I am outputting a single column from a dataframe to a csv. The data, however, is too long for some older downstream applications, so I have the csv add line breaks every size
items so that individual rows in the output aren't too long.
Example
from tkinter import Tk
from tkinter import filedialog
import pandas as pd
import numpy as np
Tk().withdraw() # we don't want a full GUI, so keep the root window from appearing
infilename = filedialog.askopenfilename()# show an "Open" dialog box and return the path to the selected file
data = pd.read_csv(infilename, header=None) #usecols=[0], only get 1st column, specify no header
outfilename = filedialog.asksaveasfile() #get save location
size=50 #number of items per line
col=0
indexes = np.arange(0,len(data),size)#have to use numpy since range is now an immutable type in python 3
indexes = np.append(indexes,[len(data)]) #add the uneven final index
for i in range(len(indexes)-1):
holder = pd.DataFrame(data.iloc[indexes[i]:indexes[i+1],col]).T
holder.to_csv(outfilename, index=False, header=False)
Expected Output
for input: A,B,C,D,E,F,G,H,I,J,K #this is actually a column in the input, rendered horizontal for space
Becomes in the file (size=3): A,B,C D,E,F G,H,I J,K
Despite not throwing any errors, the final loop (with the uneven final index) does not write to the file, even though the information is assigned to holder
without issue. Also, despite my not setting the mode
param, acts as w
and overwrites file if existing on the first loop, then acts as a
and appends to the file on subsequent loops, indicating some possible statefullness which may be relevant. Since no errors are thrown, I cannot figure out why the final information is not being written.
Output of pd.show_versions()
Comment From: TomAugspurger
Is tkinter necessary to reproduce the problem? Could you maybe simplify the example?
Comment From: Void2258
OK, I just tried hardcoding the paths and removing all tkinter. Now, it writes the data perfectly BUT it no longer shows the variable mode
behavior; it repeatedly overwrites the single line of data, but it writes the last set successfully. The example below includes a modified for loop to account for this.
import pandas as pd
import numpy as np
infilename = 'C:\\Users\\...infile.csv'
data = pd.read_csv(infilename, header=None)
outfilename = 'C:\\Users\\...test.txt'
size=50 #number of items per line
col=0
indexes = np.arange(0,len(data),size)#have to use numpy since range is now an immutable type in python 3
indexes = np.append(indexes,[len(data)]) #add the uneven final index
for i in range(len(indexes)-1):
holder = pd.DataFrame(data.iloc[indexes[i]:indexes[i+1],col]).T
if i ==0:
holder.to_csv(outfilename, index=False, header=False)
else:
holder.to_csv(outfilename, index=False, header=False, mode='a')

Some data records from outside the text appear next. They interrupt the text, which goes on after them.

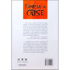 Familia em crise, esly carvalho - abu editora Esly regina escreve a partir da américa latina e entende a cultura de seus leitores, conhece as lutas internas da família cristã e tem o dom de tocar bem na ferida ao assinalar a causa dos problemas que geram na família hoje. E, o que é ainda mais importante, seu preparo e sua experiência permitem-lhe apresentar conselhos práticos para as famílias e para os conselheiros familiares. gary collins, escritor e presidente da associação americana de aconselhamento ========= Editora: abu editora 2002 Idioma: portugues Isbn: 8570550405 Ean: 9788570550408 Paginas: 91 Marca: Não Informado Ean: 7891947307672
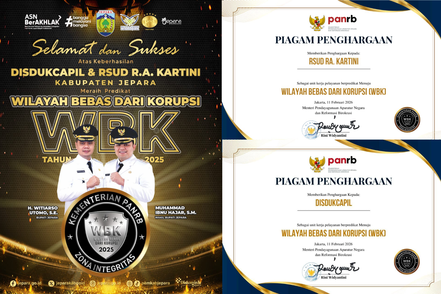Jepara, Jawa Tengah – Dua instansi di bawah naungan Pemerintah Kabupaten Jepara sukses mengukir prestasi dengan meraih predikat Wilayah Bebas dari Korupsi (WBK) tahun 2025. Penghargaan bergengsi tersebut diberikan oleh Kementerian Pendayagunaan Aparatur Negara dan Reformasi Birokrasi (PANRB) kepada Dinas Kependudukan dan Pencatatan Sipil (Disdukcapil) serta RSUD R.A. Kartini Jepara.
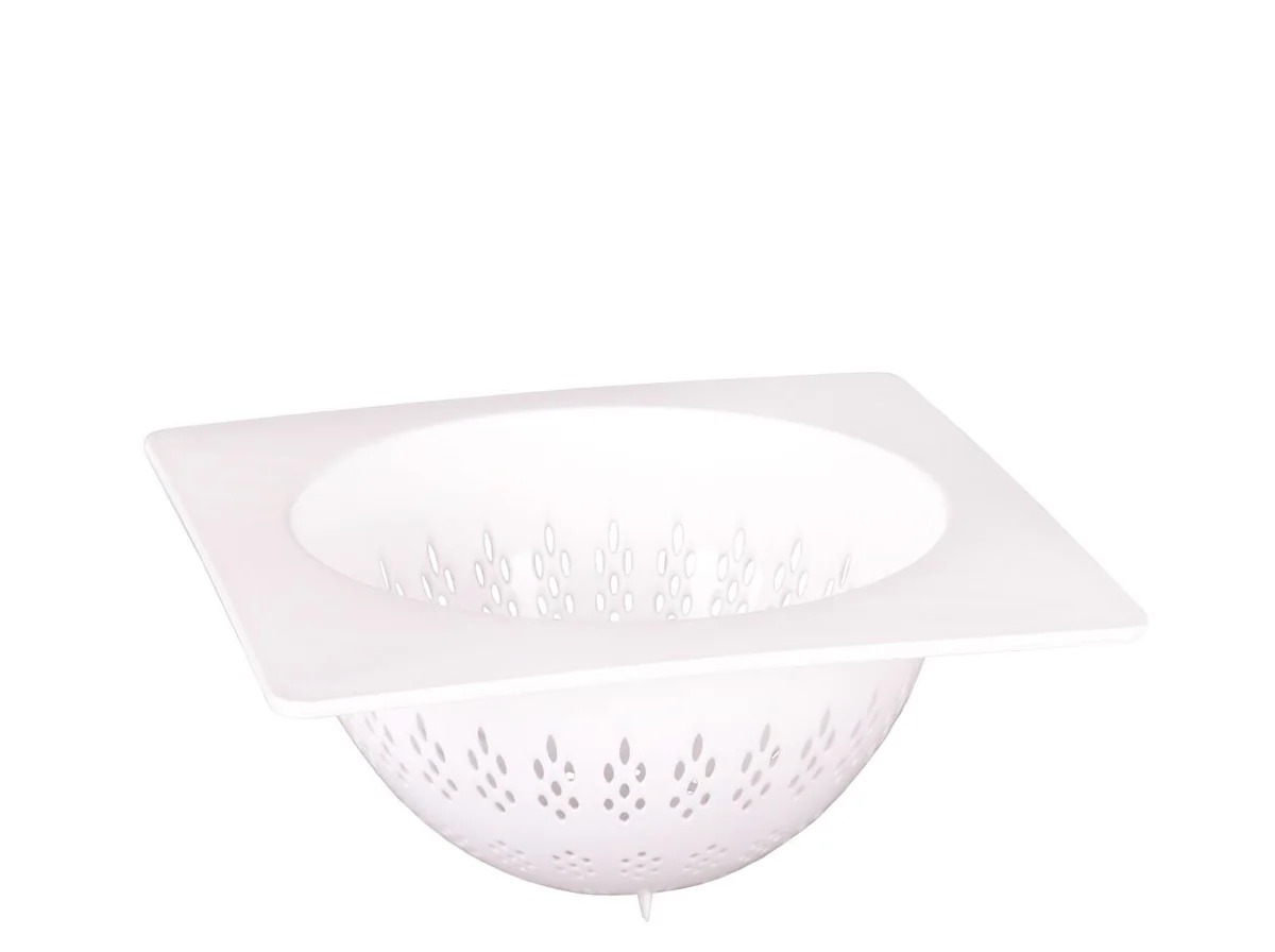 Дуршлаг – необходимый предмет кухонной утвари, который используется для слива жидкости при приготовлении различных продуктов, а также для промывания ягод, фруктов, овощей. Изделие имеет широкий опорный бортик, который удерживает дуршлаг на кастрюле, позволяя удобно и быстро слить воду. Для устойчивости на дне дуршлага имеются выступы-ножки. Данное изделие достаточно компактно, поэтому не займет много места на кухонной полке.

Comment From: TomAugspurger
@Void2258 we still can run that example since we don't have a 'C:\\Users\\...infile.csv'
file on our computers. It doesn't look like read_csv
is needed at all here. You could make the dataframe using pd.DataFrame()
.
Either way, I suspect the problem is with your looping logic, and not to_csv
. I've tested that out and the appending works as expected. Maybe try stack overflow if you have a question about getting the loop logic worked out.